(Aim of the task) Your reply should reproduce each line below exactly and carry none of the pictures.

(Information provided)

-------------------------

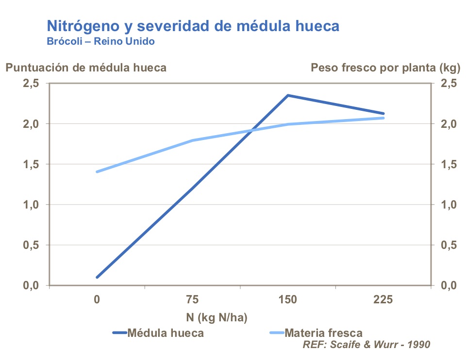 Además, demasiado desarrollo forzado por sobredosis de nitrógeno, sobre todo si esta está fuera de equilibrio con la disponibilidad de calcio y potasio, puede crear un suministro insuficiente de estos nutrientes y resultar en médula hueca.
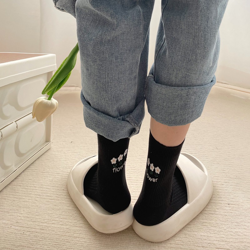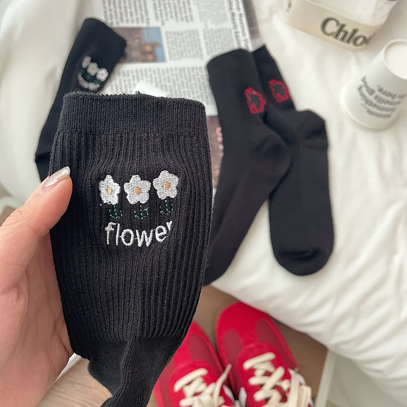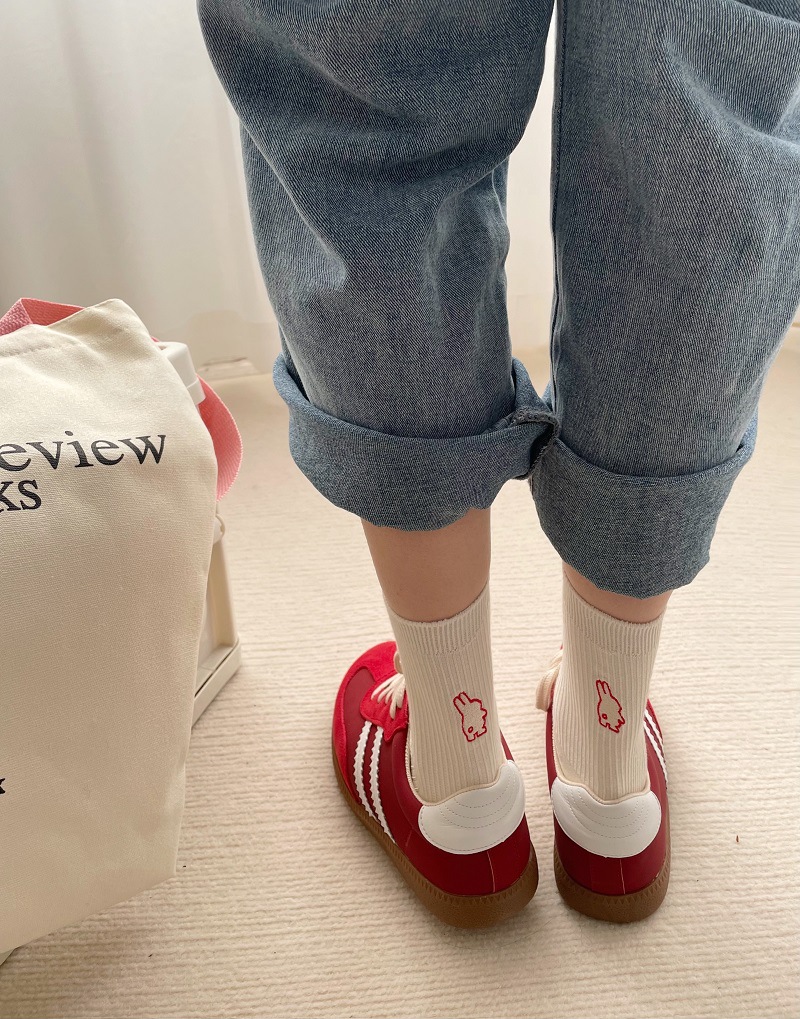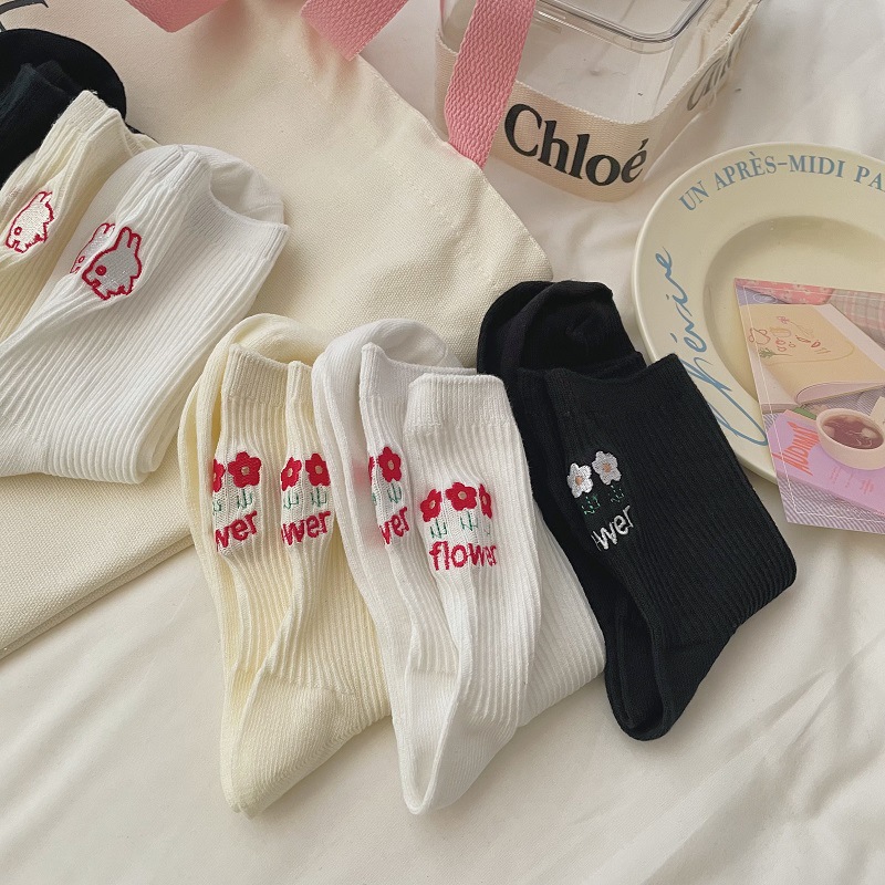 Calcetines de mujer estilo coreano-japonés con bordado de conejo, suaves, delgados y a la moda.
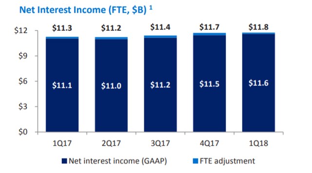 近几个季度中,净利息收入是华尔街大型银行利润增长的重要来源。美国银行一季度净利息收入持续增长。
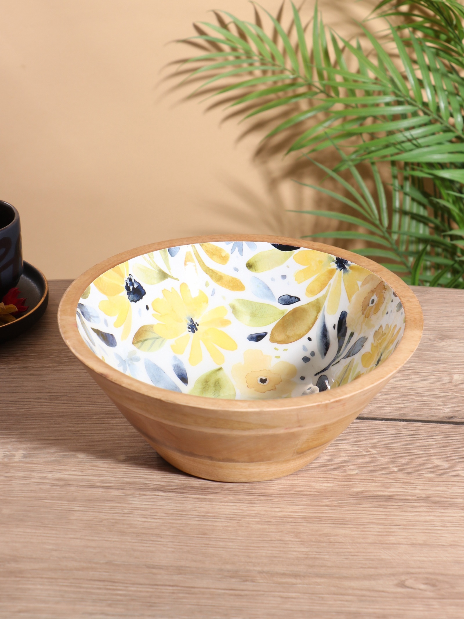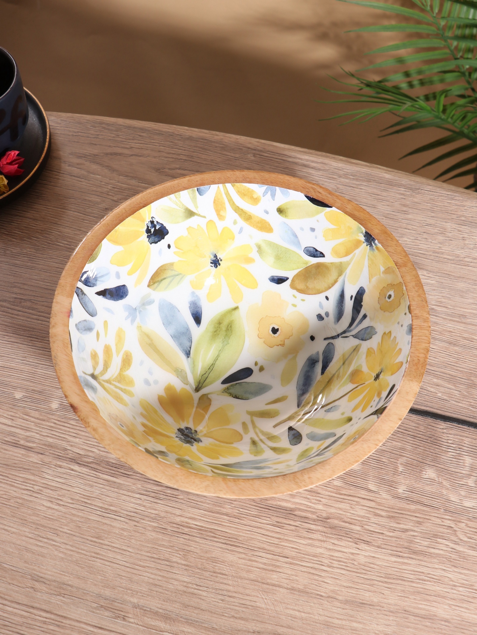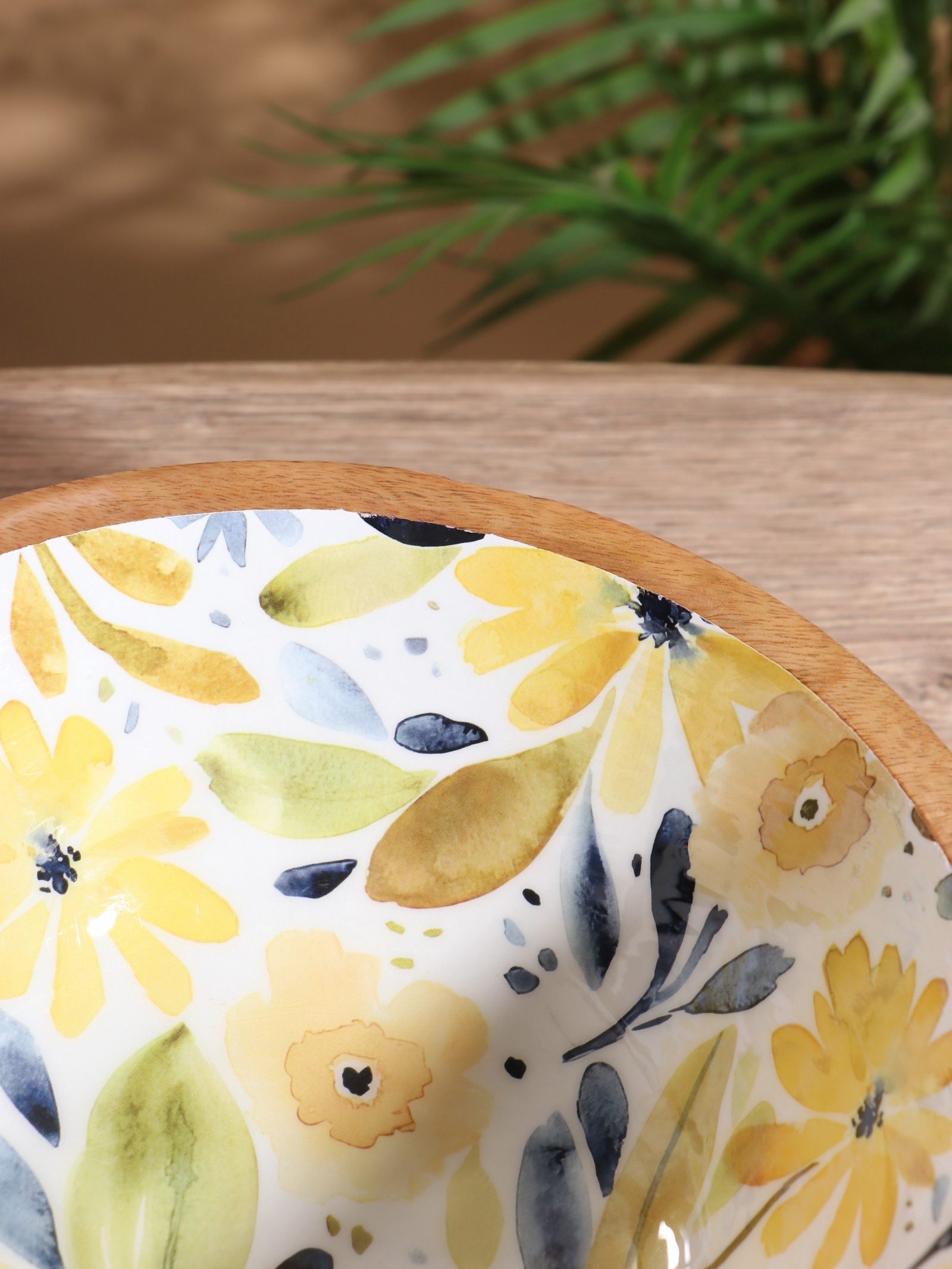 Салатник «желтые и синие цветы», 25x25x10 см, дерево манго

-------------------------

(Response)
 Además, demasiado desarrollo forzado por sobredosis de nitrógeno, sobre todo si esta está fuera de equilibrio con la disponibilidad de calcio y potasio, puede crear un suministro insuficiente de estos nutrientes y resultar en médula hueca.
 Calcetines de mujer estilo coreano-japonés con bordado de conejo, suaves, delgados y a la moda.
 近几个季度中,净利息收入是华尔街大型银行利润增长的重要来源。美国银行一季度净利息收入持续增长。
 Салатник «желтые и синие цветы», 25x25x10 см, дерево манго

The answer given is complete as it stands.